A Public Accounts Committee (PAC) report into the adult social care workforce in England warns urgent action is required to reverse care work’s poor public image and boost recruitment and retention.

The care sector is in a precarious state but the Department of Health and Social Care (the Department) has not yet said how it intends to put in place a long-term, sustainable funding regime to meet the ever-increasing demand for care.

The Department does not know whether the ways that local authorities commission care, and the prices they pay providers, are contributing to the problems within the care workforce.

Brexit causing uncertainty over workforce sustainability

The PAC has said it is not convinced that the lack of regulation within the care sector workforce and the balance of regulation versus a market-based approach, is supporting the care sector to provide the best care possible.

The UK’s departure from the EU is causing uncertainty over how the workforce will be sustained, particularly in areas that are more reliant on non-UK workers.

There is an urgent need to reverse the poor public image that care work has to boost recruitment and retention across the care sector, add that they are also concerned that the move to supporting people with substantive and critical care needs only is contributing to growing levels of unmet need for people with moderate care needs. These moderate needs may well grow into substantial or critical needs if support is not given.

The Department has committed to addressing all these issues through the health and care workforce strategy that it is currently consulting on, and the promised Green Paper on funding of care for older adults.

But given the pressures on the sector, we are concerned that the Department sees the Green Paper as a cure all and underestimates the scale of the challenge.

The Department must ensure that its delivery partner, Skills for Care, is properly supported and funded to implement the workforce strategy.

Committee Chair, Meg Hillier MP commented:”Adult social care needs sustainable funding and a stable workforce.
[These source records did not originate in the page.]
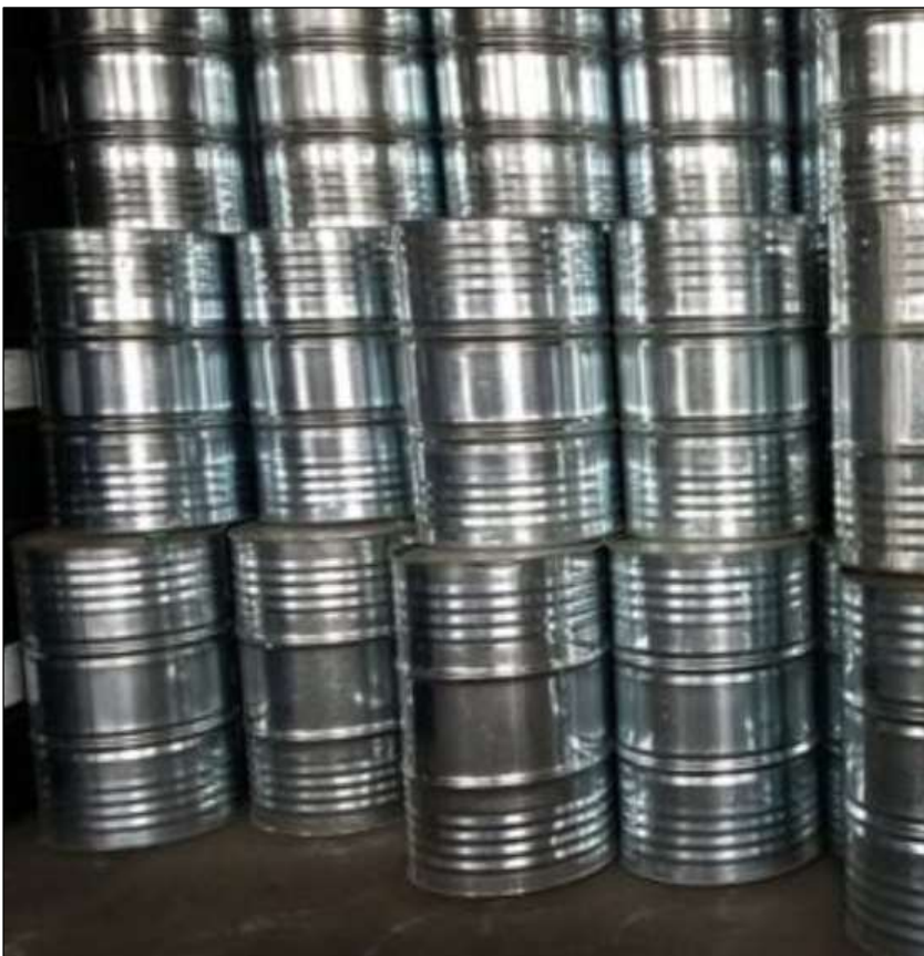
Barrels of CFC-11 chemical.

Low cost Chinese home insulation, which is used to keep houses warm in cold weather, is being blamed for a huge rise in emissions of a gas, highly damaging to the Earth's protective ozone layer.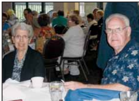
Members enjoying the afternoon.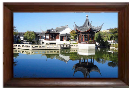
Chinese Garden Admission charges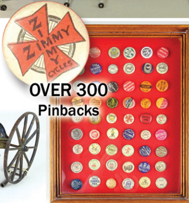
OVER 300 Pinbacks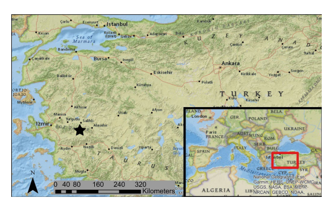
Figure 1 Map of the location where the feeding was observed

2013). Interestingly, the reported incident of saurophagy was observed in June, exactly in the period when females have to regulate their energy income to fuel reproduction (Waldschmidt et al. 1986).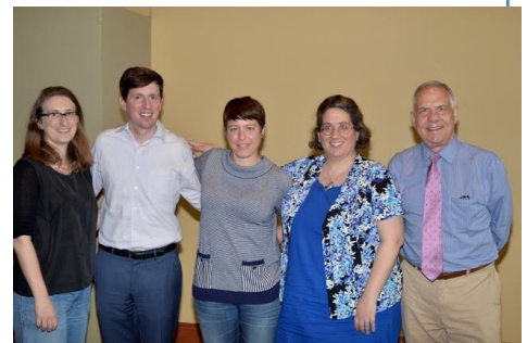
Above: American Studies Department Faculty, 2016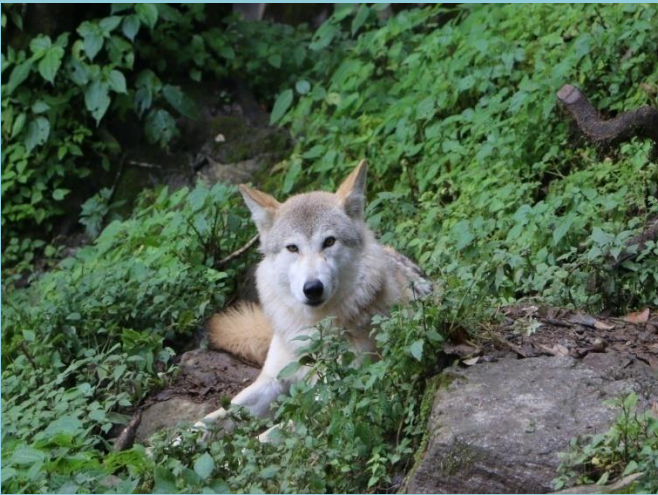
Himalayan Wolf ( Canis lupus himalayensis )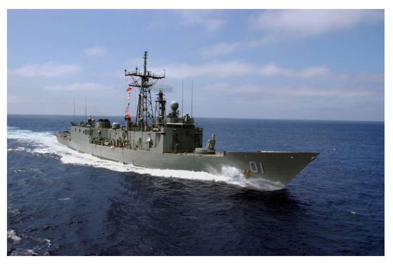
Figure 1: The Ex-HMAS Adelaide in service

Built in the United States, HMAS Adelaide was commissioned in November 1980 and was the first of six Adelaide-class guided-missile frigates to be delivered to the Royal Australian Navy. The 138-metre long ship was decommissioned in 2008 and demilitarised by the Department of Defence before being handed over to the NSW Government in 2009.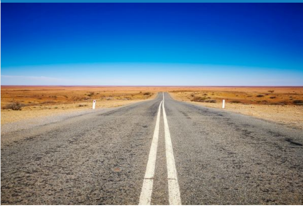
Remote work and travel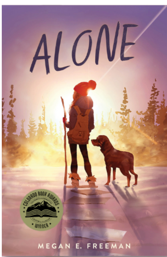
Cover art by Pascal Campion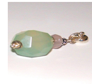
Chalcedony and Rose Quartz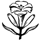
St. Mary the Virgin Mother of our Lord Jesus Christ

The Transfiguration of our Lord Jesus Christ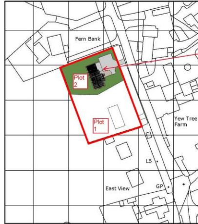
Location Plan Scale 1:200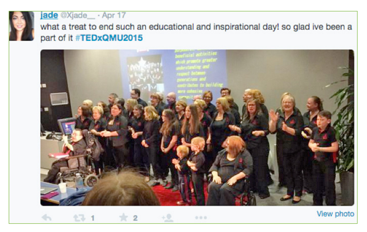
Figure 2: Informal feedback and evaluation on Twitter

People experienced different emotions throughout the day, from laughter to tears, standing ovations and spontaneous clapping mid-presentation... most people left feeling inspired, with a sense of happiness and wellbeing, and determined to flourish and empower others to flourish.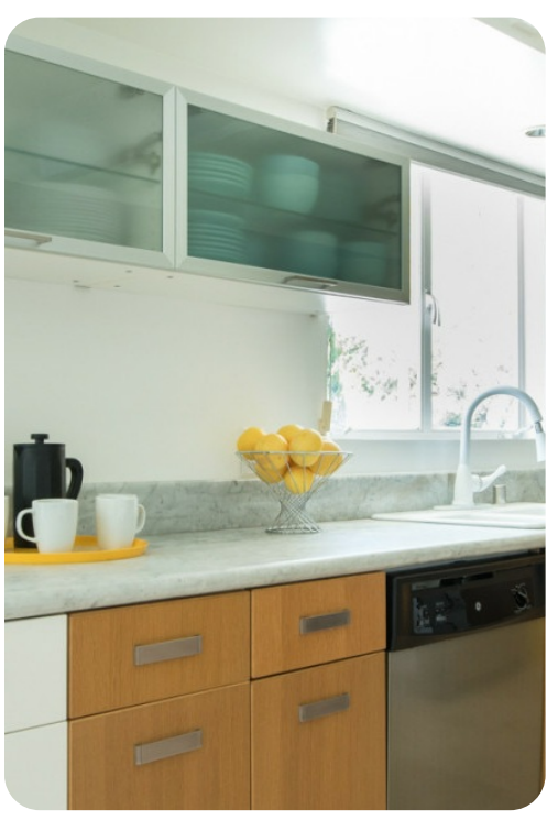
Palm Springs 18 | Page 3 of 8

The sector is scraping by and without an explicit, long-term plan backed by Government it could soon be on its knees.

Levels of unmet need are high and rising; short-term funding fixes are a road to nowhere and the ingrained issues that lead to high turnover in the workforce could be compounded by Brexit.
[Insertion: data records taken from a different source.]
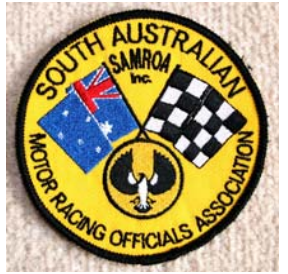
SAMROA Sew On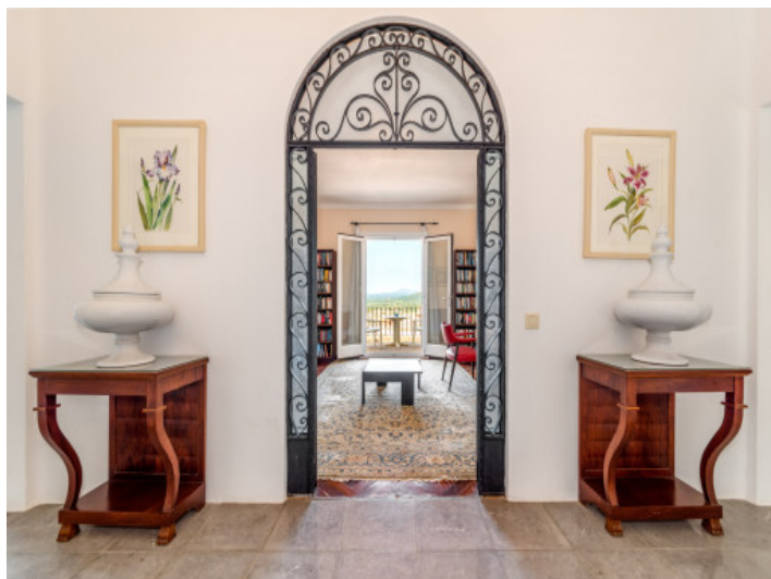
Beautiful entrance to the study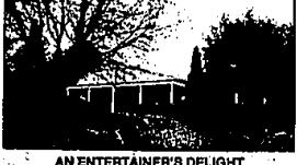
AN ENTERTAINER'S DELIGHT • Spectacular foyer, beautifully decorated • Formal living room for entertaining • Large family room with 2 bayed areas • Picturesque terraced yard w/pool • Call us and See! 540-6777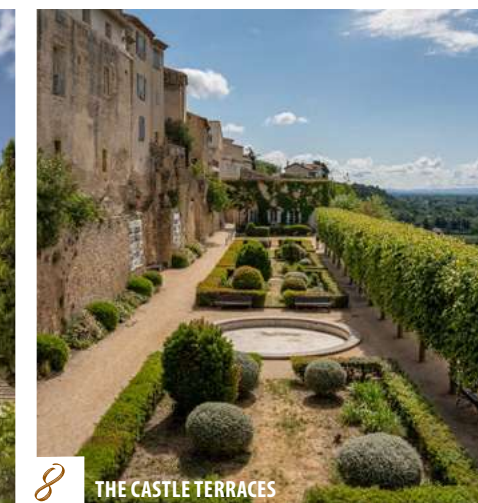
8 THE CASTLE TERRACES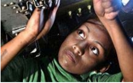
Aviation Structural Mechanic Airman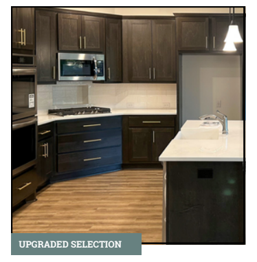
CABINETS Door Style: Groveland Color: Grey Wolf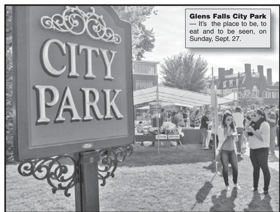
Glens Falls City Park — It's the place to be, to eat and to be seen, on Sunday, Sept. 27.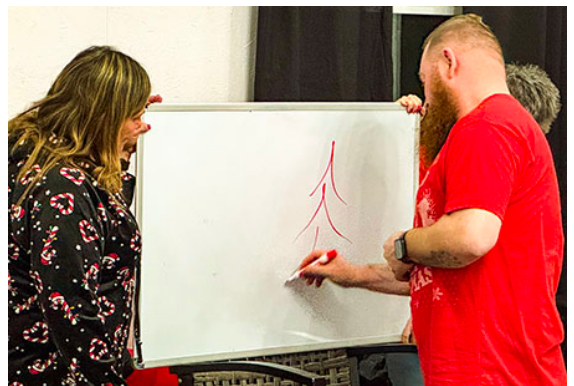
Christmas Song Pictionary

plan for all the great outdoor adventures that await you in the year ahead. Whether you're an outdoor enthusiast, a seasoned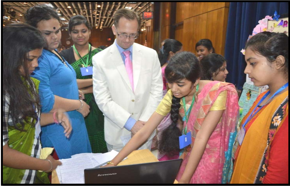
GALLERY WORK PRESENTATION BY THE STUDENTS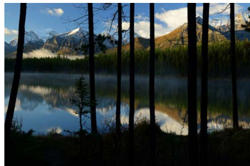
3th Place Sharon Gerig Forest Edge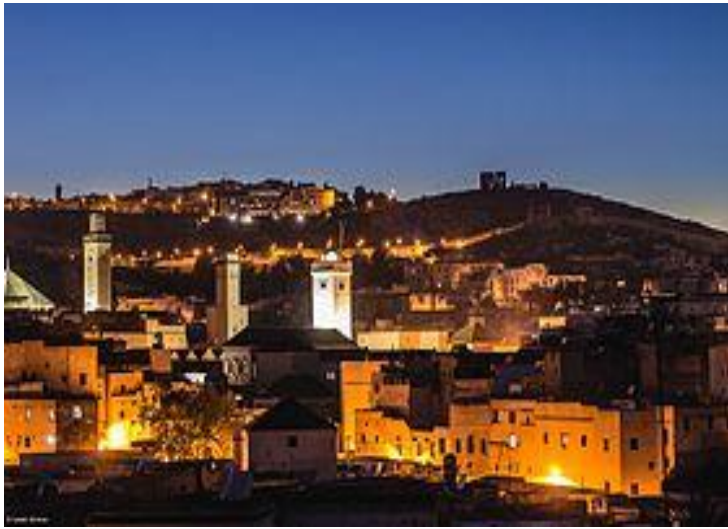
Fez- Medina Fez-el-Bali

Heritage Site with 785 mosques and more than 2,000 squares, streets and alleys that are an interesting labyrinthine. Going back in time from Bab Boujloud to Esseffarine Square we will take a journey through the centuries starting in the 9th to the 19th century. Along the walk we will learn how these alleys are structured, and the different constructions that make up the walls of the Medina, as well as its guilds of artisans and neighborhoods such as the leather tanners or seamstresses, to see their ancient ways of working. We will visit a medersa (school or center of studies in the Islamic world) and we will finish to the sound of the hammer of the potters working the copper as they did hundreds of years ago. Lunch (free) in a typical restaurant, inside the medina and free afternoon to explore the city. Dinner at our hotel. Overnight in Fez.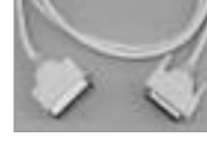
Centronics Printer Cable 25 Conductor, 28 AWG, Shielded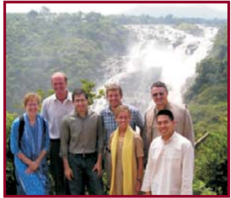
The eMi 2 team at "Bluff" waterfalls

Our eMi 2 team answered R---'s request for help in evaluating and proposing improvements to the existing water and sanitation systems on campus. On this first of two project trips, we worked hard to complete a survey map of the 17.7 acre property and everything in it. We tested flowrates throughout the water distribution and irrigation systems and evaluated the sanitation systems. As we worked, prayed, and discussed the needs of the ministry, it became apparent that we need to return with more than a civil engineering team. There are several new ministry efforts planned for the next 5 years and Kollegal Girls' Home is only one facet of that. R---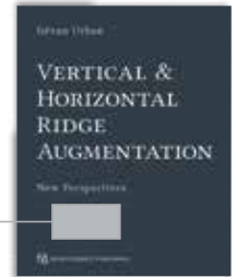
Istvan Urban 400 pages | 1,229 Illustrations

► The path to exceptional clinical results and patient satisfaction begins with a solid philosophical foundation. This multicontributed book brings together representative cases from respected clinicians around the world to illustrate the philosophies that must guide sound treatment decisions. The book is organized by the broad topics of careful patient evaluation and diagnosis, interdisciplinary treatment planning, and minimally invasive and patient-centered treatment, with each chapter presenting the specific philosophy underlying one or more cases treated by the author. For each case, the author shares special challenges that were faced and a retrospective evaluation that highlights aspects of treatment that could be improved given new knowledge and insight. The clinical cases are presented with full-color images showing treatment from planning to result with accompanying text that details nuances of the case that bring it into full clinical focus. An elegant and thoughtful volume sure to fascinate and inspire the reader.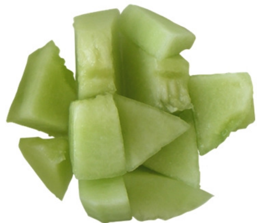
1 serve honey dew melon

Licence Personal Use AHP-A0-6/2015 Expiry date: 31 Dec 2018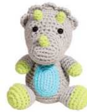
TRI 4" (non-rattle) TRI4R

Government should not content itself with councils’ ability simply to meet the legal minimum for care provision.

Nor should it seek solace in measures that risk opening a prolonged debate on the challenges facing the sector. Those challenges are already well-documented, clear and pressing.
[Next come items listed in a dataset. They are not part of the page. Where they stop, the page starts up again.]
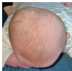
Before STARband™ Treatment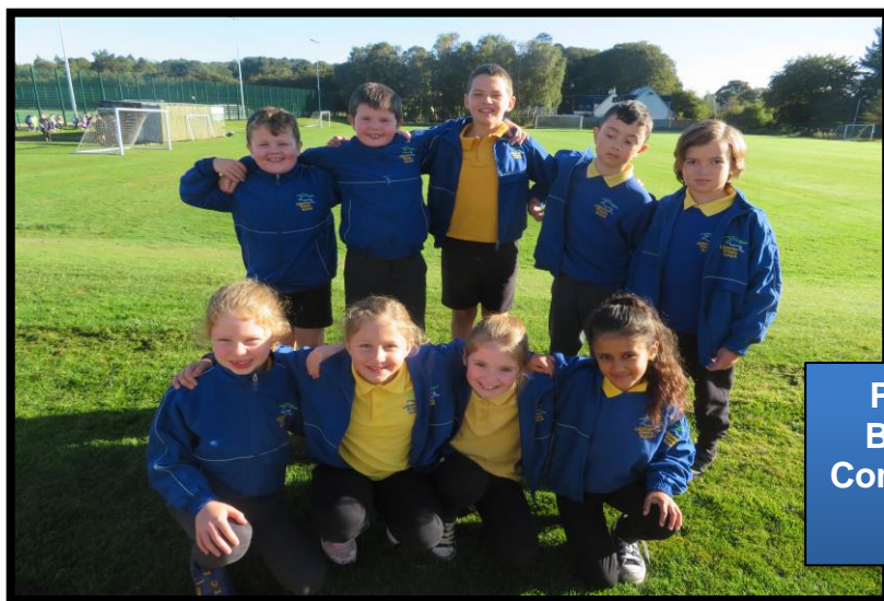
Primary 4/5 at a Biggar Learning Community Football Tournament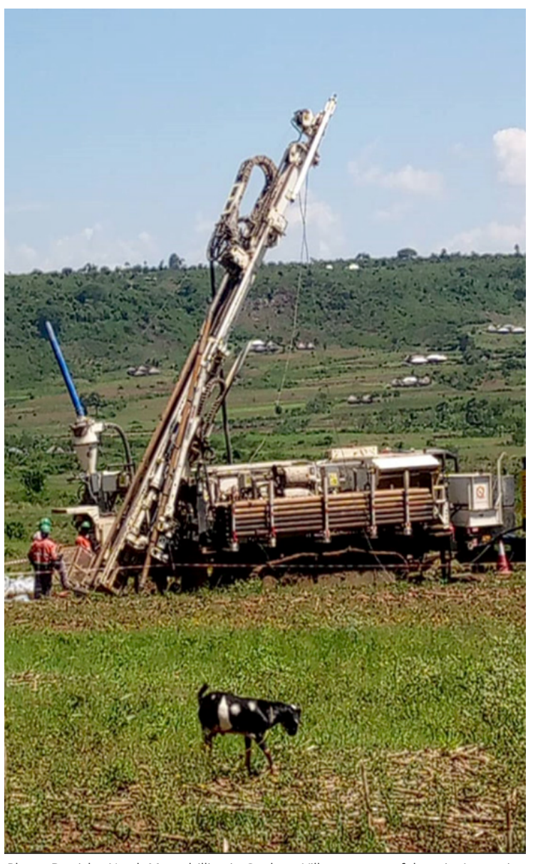
Photo: Barrick – North Mara drilling in Genkuru Village as part of the mine's ongoing exploration." November 2023. (MiningWatch Canada)

Unless human rights norms are applied, the pattern of abusive eviction processes is set to continue as Barrick maintains an active drilling program around the existing operations. MiningWatch spoke to a woman who owns agricultural land in Nyaiheto hamlet in Kewanja Village.<sup>111</sup> Agricultural land in that area was evaluated between March and May of 2022. Neighbouring areas in Komarera North and Nyakunguru Village were also evaluated between 2020 and 2022. When her land was evaluated she was told not to harvest from, or cultivate, the land anymore. That land had provided funds for her children's school fees. In the year and a half since the evaluation was done, there was no further move to compensate the people. In November 2023, a public notice was issued to say that the mine would no longer require these areas and the prohibition on their use was lifted. No mention was made of compensation for the losses people endured in the years that they could not use their land for food security and income.<sup>112</sup>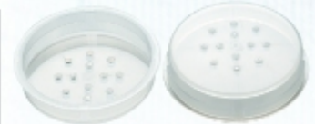
45mm A-1 W39 H8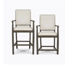
Bar and Counter Height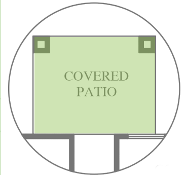
COVERED PATIO UPGRADE 10'W x 8'D

We urge Government to publish this year, and then implement, a credible long-term funding plan for care.

This must go hand-in-hand with financial and other support to improve the recruitment, development and retention of the care workforce.

Skills for Care summed it up when it described perceptions of care work as a minimum wage sector as ‘a source of national shame’.

This skilled and vital work transforms people’s lives. It could and should be a source of national pride and we urge Government to give swift and serious consideration to the recommendations set out in our report.”